C’est tout frais de quelques heures. Le Service Pack 2 de TMG est disponible à cette adresse. Pour faire court, c’est un bon cumulatif de toutes les KB. On trouvera quand même une nouveauté essentielle, à savoir la capacité à utiliser Kerberos pour les array TMG en NLB (enfin!)

 

Benoits – Simple and Secure by Design but business compliant

TMG 2010 et MS11-40

En parcourant la liste des failles de sécurités couvertes en ce mois de Juin par Microsoft, le bulletin MS11-40 a attiré mon attention. Il fait référence à une faille de sécurité dans le client de pare-feu de TMG/ISA Server.

 

Certes ce n’est pas un composant qu’on utilise pas tous les jours mais si on utilise la fonctionnalité d’inspection de trafic HTTPS de TMG, alors il est nécessairement installé, rien que pour notifier l’utilisateur de l’opération d’analyse du flux HTTPS.

 

Grand merci à Richard Hick’s pour son billet sur le sujet.

 

Benoits – Simple and Secure by Design but Business compliant.

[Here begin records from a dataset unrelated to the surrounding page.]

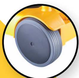
Roulettes arrière avec bandage caoutchouc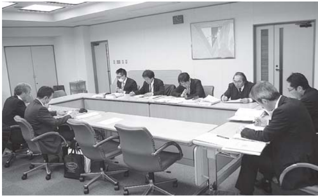
①学校管理運営部会（平成 27 年 2 月）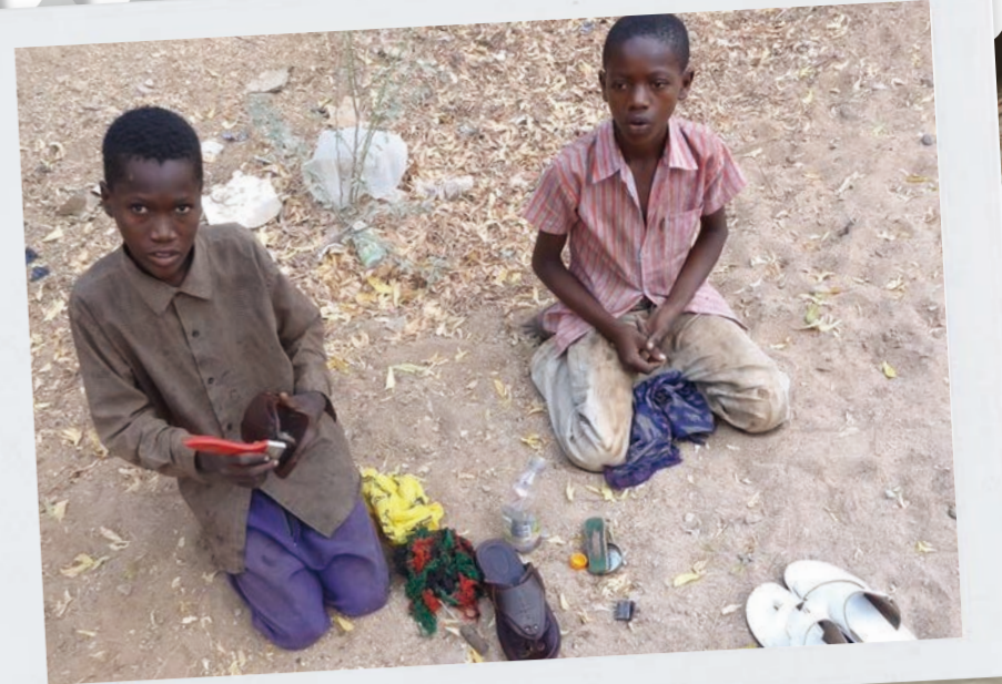
▲ 加法爾 (右) 以及他的朋友在達達阿布難民營修補鞋子。

* 為保護當事人隱私，故事人名為化名。 原文來源: Refugee International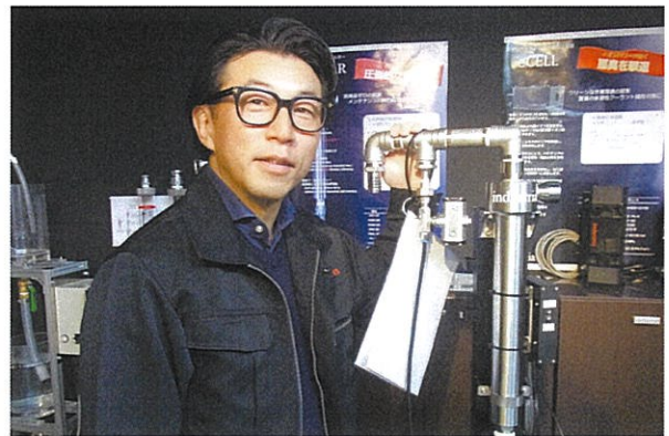
廃液処理装置「フルスター」は顧客の悩み事を受け、開発した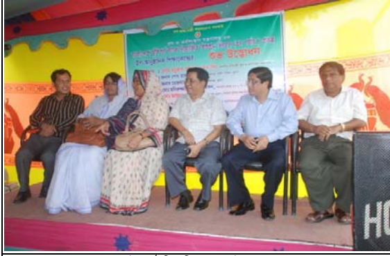
উপানুষ্ঠানিক শিক্ষা কেন্দ্র উদ্বোধন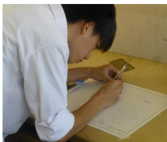
トレース紙にコンパスを使って円を描いているところです。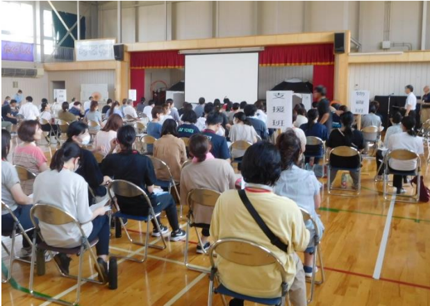
「管理班、情報班、食糧班、物資班等に分かれて開会」

7月25日（火）に令和5年度第2回学校運営協議会が開催されました。当日は、本校の福祉避難所設営訓練日であり、そこに運営協議会委員の方にも参加していただく形で実施しました。本協議会では、昨年度から「学校安全と防災」をテーマに協議を重ねてきており、今回は、訓練により、福祉避難所設営に向けて開設・運営方法について学び、演習を通して見つかった課題の把握と共有を目的に実施されました。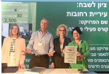
רחובות זוכת אות העירוניות ועידת עכו לעירוניות

במסגרת ועידת עכו לעירוניות, שהתקיימה ב-18-19.10.21, ביוזמת הפורום הישראלי לעירוניות, הוענק "אות העירוניות" לרשויות שהציגו מיזמים פורצי דרך ובעלי ערך מוסף שמטרתם חיזוק החוסן העירוני לנוכח משבר הקורונה ומשבר האקלים. בקטגוריית ' שיפור ההתמודדות עם משבר האקלים' זכתה עיריית תל אביב-יפו במקום הראשון על "תכנית היער העירוני"; במקום השני הגיעה עיריית גבעתיים על מיזם "הצללת המרחב העירוני". במקום השלישי זכתה עיריית טירת הכרמל על פרויקט "הבניין הירוק". עיריית רחובות קיבלה ציון לשבח על פרויקט "קורס פעילי סביבה". נציין גם שעיריית ירושלים זכתה במקום הראשון בקטגוריית שיפור העמידות הקהילתית והכלכלית נוכח משבר הקורונה.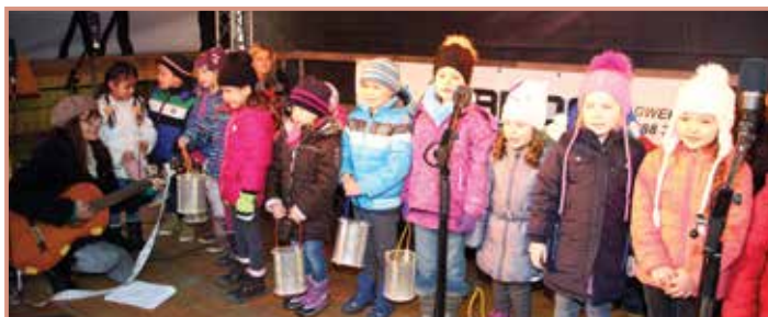
Jedes Jahr eröffnen die Kinder des Kinderfreunde-Kindergartens den Adventmarkt

Ein großer Dank gebührt Allen, die dazu beigetragen haben, dass der Adventmarkt auch heuer wieder ein großer Erfolg wird. Den vielen helfenden Händen, den MitarbeiterInnen von Bauhof und Gemeindeamt, den Mitgliedern des Kulturausschusses, den Feuerwehren, den Kulturschaffenden, dem Tourismusverband und der Neuapostolischen Kirche.

TMG et IE9 ne font pas bon ménage

Cela commence à se savoir mais l’installation d’IE9 sur un serveur configuré avec Microsoft Forefront Threat Management Gateway 2010 pose problème avec la console d’administration de ce dernier.

 

Selon le blog “Microsoft Reduce Customer Effort Center”, la problématique est en cours d’analyse. Le billet fait référence à un contournement, en attendant la disponibilité d’un véritable correctif.

 

Bien entendu, cette problématique touche aussi Microsoft Forefront Unified Access Gateway 2010 qui embarque TMG pour se protéger.

 

Update : Cette problématique est corrigée dans le SP2 de TMG nouvellement disponible. Une raison de plus pour mettre à jour.

 

Benoits – Simple and Secure by Design but Business compliant.